Cover image for DanceOPD: On-Policy Generative Field Distillation

B1 DAILY STORY

Technology 25 Jun 2026

DanceOPD: On-Policy Generative Field Distillation

Modern image generation demands a single model that unifies diverse capabilities, including text-to-image (T2I), local editing, and global editing. However, these capabilities are rarely naturally aligned and often conflict. For instance, editing tends to degrade T2I performance, while global and local editing interfere with each other. Consequently, effectively composing these capabilities has become a central challenge for image generation model training. To tackle this, we introduce DanceOPD, an on-policy generative field distillation framework for flow-matching models that routes each sample to one capability field, queries one low-noise student-induced state, and trains with a simple velocity MSE objective. With each capability source defined as a velocity field over the shared flow state space, the student learns from fields queried on its own rollout states to compose expert capabilities. This formulation also absorbs operator-defined fields such as classifier-free guidance. Comprehensive experiments on T2I, editing, realism-field absorption, and CFG absorption show that our approach improves multi-capability composition, strengthening target capabilities while preserving anchor generation quality. We believe this work establishes a practical route for generative field distillation in flow-matching models.

Image: Daily English Reader / Local generated SVG (Project-owned local asset)

5 min read B1

0:00 0:00

Modern image generation demands a single model that unifies diverse capabilities, including text-to-image (T2I), local editing, and global editing. However, these capabilities are rarely naturally aligned and often conflict. For instance, editing tends to degrade T2I performance, while global and local editing interfere with each other. So, effectively composing these capabilities has become a central challenge for image generation model training.

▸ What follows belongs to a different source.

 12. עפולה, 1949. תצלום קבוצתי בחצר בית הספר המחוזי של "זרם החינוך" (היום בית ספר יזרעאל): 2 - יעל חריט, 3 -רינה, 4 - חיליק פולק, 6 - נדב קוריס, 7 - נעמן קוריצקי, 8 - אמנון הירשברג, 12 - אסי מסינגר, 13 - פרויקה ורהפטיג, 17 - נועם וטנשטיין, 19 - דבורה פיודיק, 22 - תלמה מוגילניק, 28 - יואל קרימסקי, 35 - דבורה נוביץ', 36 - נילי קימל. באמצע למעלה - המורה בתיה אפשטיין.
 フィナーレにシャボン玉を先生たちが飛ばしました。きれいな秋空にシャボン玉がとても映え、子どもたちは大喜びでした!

To tackle this, we introduce DanceOPD, an on-policy generative field distillation framework for flow-matching models that routes each sample to one capability field, queries one low-noise student-induced state. And trains with a simple velocity MSE objective. With each capability source defined as a velocity field over the shared flow state space, the student learns from fields queried on its own rollout states to compose expert capabilities. This formulation also absorbs operator-defined fields such as classifier-free guidance.

สรุป/คำแปลไทย

ข่าวนี้มาจาก arXiv อยู่ในหมวดเทคโนโลยี และถูกเรียบเรียงเป็นระดับ B1. เนื้อหาข่าวคือ

การสร้างภาพทันสมัยต้องการแบบเดียวที่รวมความทำได้ที่หลากหลาย รวมถึงข้อความต่อภาพ (T2I) การแก้ไขในท้องถิ่น และการแก้ไขทั่วโลก. แต่ ความทำได้เหล่านี้ ค่อนข้างไม่ตรงกันตามธรรมชาติ และมักจะขัดแย้งกัน. ตัวอย่างเช่น การแก้ไขมักจะทำให้ผลงาน T2I ลดลง ขณะที่การแก้ไขระดับโลกและระดับท้องถิ่นสับสนกัน.

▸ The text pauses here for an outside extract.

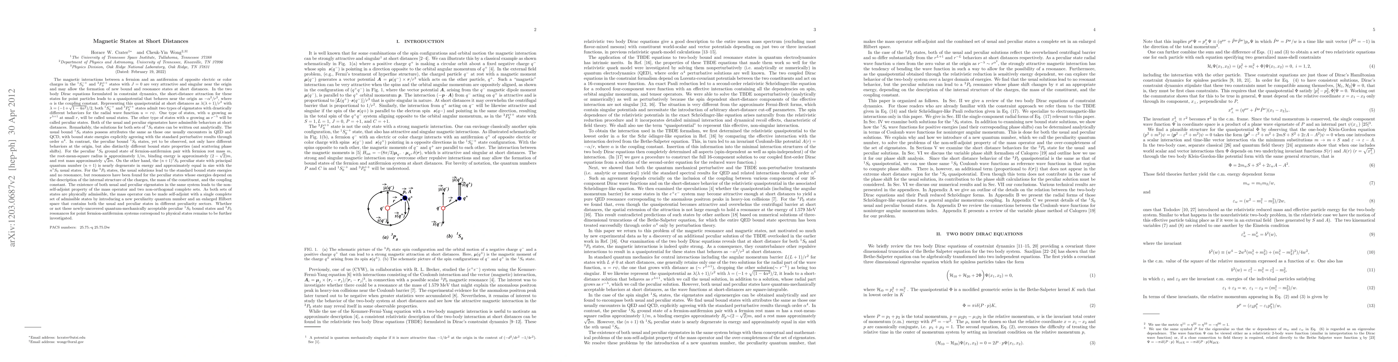 The magnetic interactions between a fermion and an antifermion of opposite electric or color charges in the 1S0 and 3P0 states are very attractive and singular near the origin and may allow the formation of new bound and resonance states at short distances. In the two body Dirac equations formulated in constraint dynamics, the short-distance attraction for these states for point particles leads to a quasipotential that behaves near the origin as -\alpha^2/r^2. Both 1S0 and 3P0 states admit two types of eigenstates with drastically different behaviors for the radial wave function u=r\psi. One type of states, with u growing as r^{1+\sqrt(1-4*\alpha^2)/2} at small r, will be called usual states. The other type of states with u growing as r^{(1-\sqrt(1-4*\alpha^2))/2} will be called peculiar states. Both of the usual and peculiar eigenstates have admissible behaviors at short distances. The usual bound 1S0 states possess attributes the same as those one usually encounters in QED and QCD. In contrast, the peculiar bound 1S0 states, yet to be observed, have distinctly different bound state properties and scattering phase shifts. For the 3P0 states, the usual solutions lead to the standard bound state energies and no resonance, but resonances have been found for the peculiar states whose energies depend on the description of the internal structure of the charges, the mass of the constituent, and the coupling constant. The existence of both usual and peculiar eigenstates in the same system leads to the non-self-adjoint property of the mass operator and two non-orthogonal complete sets. The mass operator can be made self-adjoint with a single complete set of admissible states by introducing a new peculiarity quantum number and an enlarged Hilbert space.

ดังนั้น การสร้างความทำได้เหล่านี้ได้อย่างมีประสิทธิภาพ จึงกลายเป็นโจทย์สําคัญสำหรับการฝึกอบรมแบบสร้างภาพ. เพื่อแก้ปัญหานี้ เรานํามาใช้ DanceOPD เป็นกรอบการดิสติเลชั่นสนามที่สร้างผลในนโยบาย สำหรับแบบที่ตรงกับการไหล ซึ่งนําตัวอย่างแต่ละตัวอย่างไปยังสนามความทำได้หนึ่ง. และรถไฟที่มีเป้าหมาย MSE ความเร็วง่ายๆ.

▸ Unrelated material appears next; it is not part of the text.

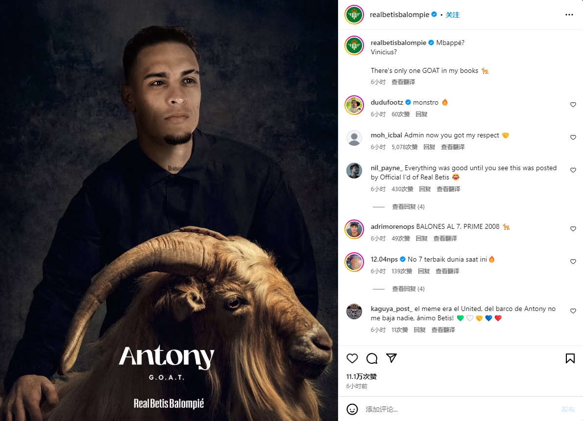 2025-03-02 18:29:02贝蒂斯官媒:姆巴佩?维尼修斯?我的字典里只有一位GOAT—安东尼

ด้วยการกําหนดแหล่งความทำได้แต่ละครั้งเป็นสนามความเร็วบนพื้นที่ภาวะการไหลที่แบ่งปัน นักเรียนเรียนเรียนรู้จากสนามที่สอบถามในภาวะการโครงการของตนเอง เพื่อประกอบความทำได้ของผู้เชี่ยวชาญ. การสรุปนี้ยังสับสนสนสนามที่กําหนดโดยผู้ประกอบการ เช่น การแนะนําที่ไม่มีประเภทประเภท.

Save & Review

Only words saved from this story appear here.